Photo by Tomasz Stasiuk
California State University, Fullerton

Resilience in Academia

In the midst of college decisions arriving to anticipating high school and college students. I’d like to reflect back to a quote I once heard. Babe Ruth, an American Professional Baseball player once famously said, “You just can’t beat the person who never gives up.” These are words that resonate deeply with me. I carry these inspiring words with me, during every important milestone, disappointment, or even in times of fear.

Fear is powerful in its ability to trap us into feeling a sense of inferiority, especially when it is concerning something as serious as our future. Having gone through both the undergraduate and graduate application processes, I feel my experience could possibly shed light to students who are going through this difficult and stressful process.
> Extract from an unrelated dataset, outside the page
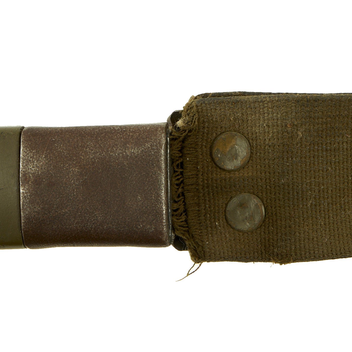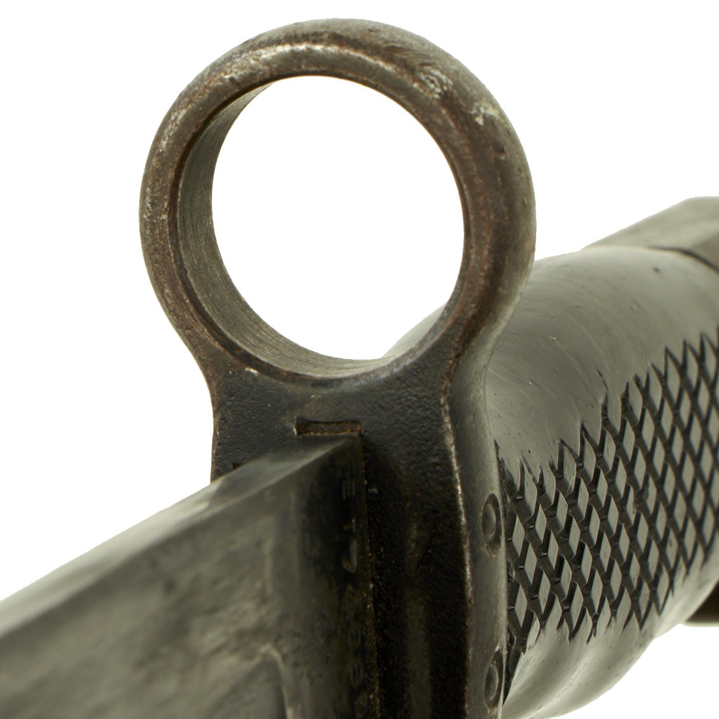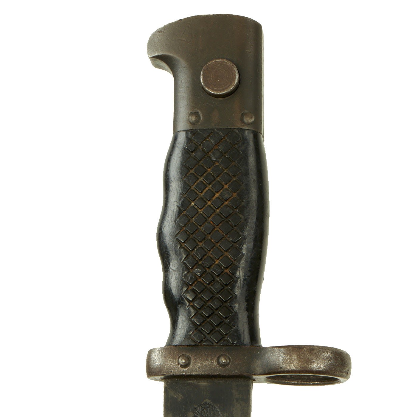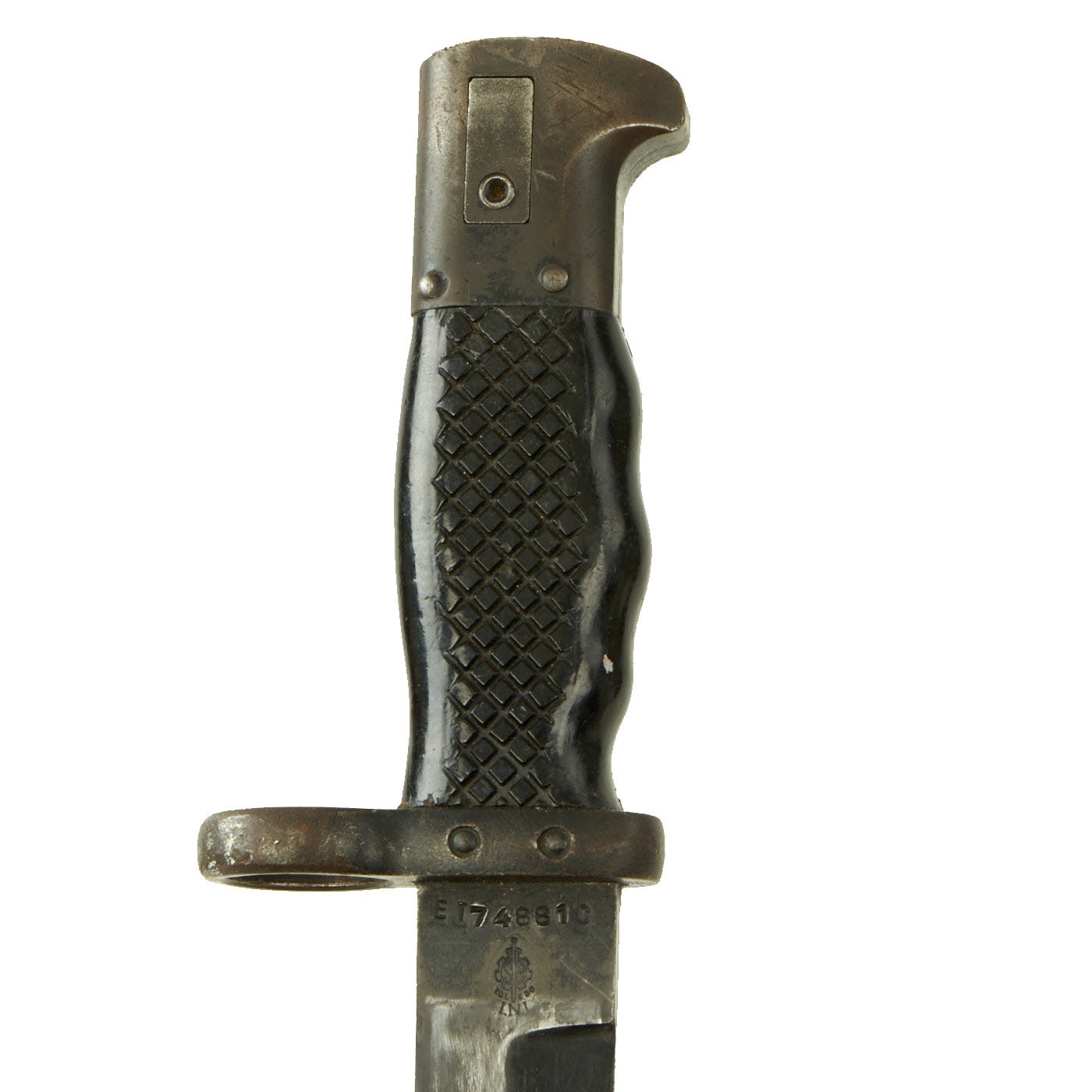 Original Item: Only One Available. This is a very nice used example of the M1964 knife bayonet for use on the Spanish 7.62 mm. NATO caliber CETME Model C selective-fire rifle. The original Model A had no provision for a bayonet, but this was later added. While the blade is not very long, it definitely has a "bolo" machete profile, and the official designation in Spanish is Machete Bayoneta Modelo 1964. For more information please see Watts & White, THE BAYONET BOOK, Page 253, Item 569.
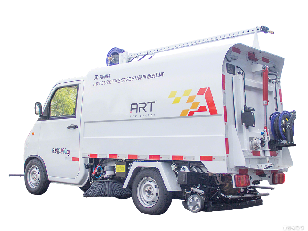 ART5020TXSS12BEV純電動(dòng)洗掃車主要用于主干道、非機(jī)動(dòng)車道、背街小巷等路面的普掃作業(yè),集清掃、高壓沖洗等功能為一體,可快速清掃落葉、石子、沙塵、白色垃圾等,垃圾,自卸傾倒。

Admittedly, I have experienced the let down of not being accepted to my top choice university. However, I soon realized that nothing good comes from wallowing and overthinking about why I wasn’t accepted, or what I could have overlooked leading to my rejection letter. Yes, rejection is a difficult pill to swallow. Nonetheless, without rejection in life, we would not be able to learn from the situation and reevaluate ourselves.

The aftermath of my rejection to my top choice university, surprisingly allowed me to become a more motivated student. I interpreted my rejection not as a failure, but as an enlightening experience of recognizing improvements I could implement to my academic application. I placed my focus on accepting the fact that there are many qualified students that apply every year to the same university, that I also had my heart set on. I chose to not allow a rejection, or the fear of possibly receiving another rejection, to get in my way of accomplishing my dreams.

Thus, a rejection is not a setback, but rather, the beginning of a greater opportunity. There could be an equally rewarding opportunity that awaits at another university. Moreover, this could be the beginning of changes that students could make to become stronger students and individuals for the next round of applications, in both the academic and professional world.

Essentially, I hope this piece can provide some insight and support to any students who are grappling with this tedious time. This is not the end of your academic career, but simply, the beginning of a new path.